Being overweight or obese does not do any good to the body. Gaining more weight just adds more stress and pressure onto your joints, mainly hips and knees. Doctors believe, even reducing even 10 pounds can have positive impact on joint pain and further prevent any form of arthritis whatsoever. Women with obesity have been shown to be more vulnerable to knee OA in contrast to those with non-obesity; and obese men have it even worse. Obesity simply accelerates the spread of arthritis, and all you need is some tiny changes in your daily routine including healthier diet, exercise, and lots of motivation!
7.Do children have the risk of getting affected by arthritis?

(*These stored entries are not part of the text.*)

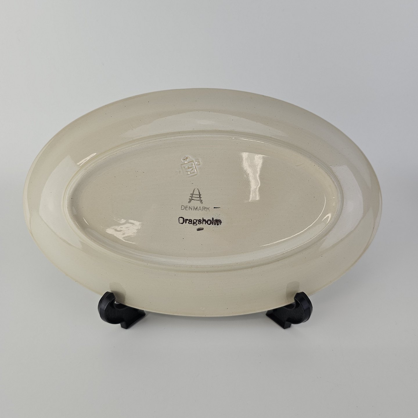 Ovalt fad i fajance fra stellet Dragsholm fremstillet i perioden 1934-1965. Formgiver Thorkild Olsen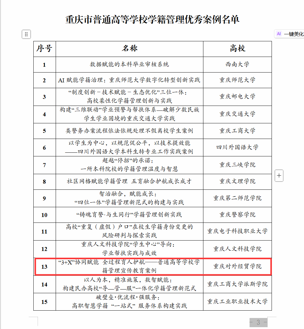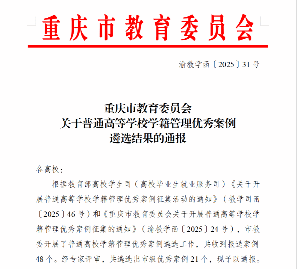 近日,重庆市教育委员会正式通报2025年普通高等学校学籍管理优秀案例遴选结果,我校申报的《“3+X”协同赋能全过程育人护航—普通高等学校学籍管理宣传教育案例》成功入选市级优秀案例,获权威认可!本次遴选共评选出21项优秀成果,覆盖全市各类高校学籍管理创新实践,学校案例凭借鲜明的育人导向、系统的协同机制与扎实的实践成效脱颖而出,成为高校学籍管理宣传教育领域的优秀范例。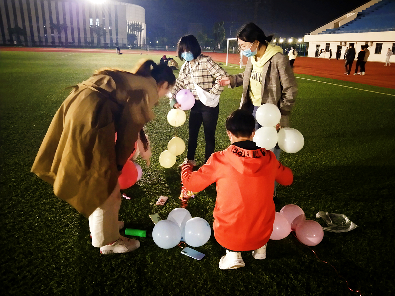 线下积极情绪培养小组每周六傍晚开展活动,社工同学充分发挥专业优势,秉持以人为本、助人自助的专业理念和平等原则,运用优势视角、萨提亚心理治疗等理论引导同学组成体验式、互动式的同辈支持小组,发挥同学的自主性和能动性,不断探索活动形式的新思路、新方法,将专业学习同丰富多彩的校园文化、志愿服务活动相结合。在社工的主持下,播放解压音乐,开展放松游戏,组员们积极互动,氛围轻松愉快,让组员的烦恼与压力在奔跑、嬉戏和气球的破裂声中随风消散,取得了良好效果。

Yes, children are equally susceptible to arthritis as elders. The kind of arthritis children encounter is called Childhood Arthritis or Juvenile Arthritis. The most common form is juvenile idiopathic arthritis (JIA), also known as rheumatoid arthritis. The child may face symptoms of limping, joint pain and stiffness, swelling, fever, eye inflammation or redness, difficulty in movement, etc. One of the notable pointers is that JIA is an autoimmune disease, means the immune system, instead of protecting, attacks the body itself. Though JIA has no cure, however the disease can be controlled through anti-inflammatory drugs to ease the symptoms and prevent further damage to joints.
8.Should I exercise if I have arthritis?
Exercise is one of the vital measures to avoid arthritis in the long run. It can enhance the strength and flexibility of your muscles and joints, reducing the pain in the longer run. Regular exercise will boost the circulation of synovial fluid, which creates greater lubrication in joints and the areas surrounding it. Once your shred weight, there is considerable amount of pain reduction which is a bonus for your joints.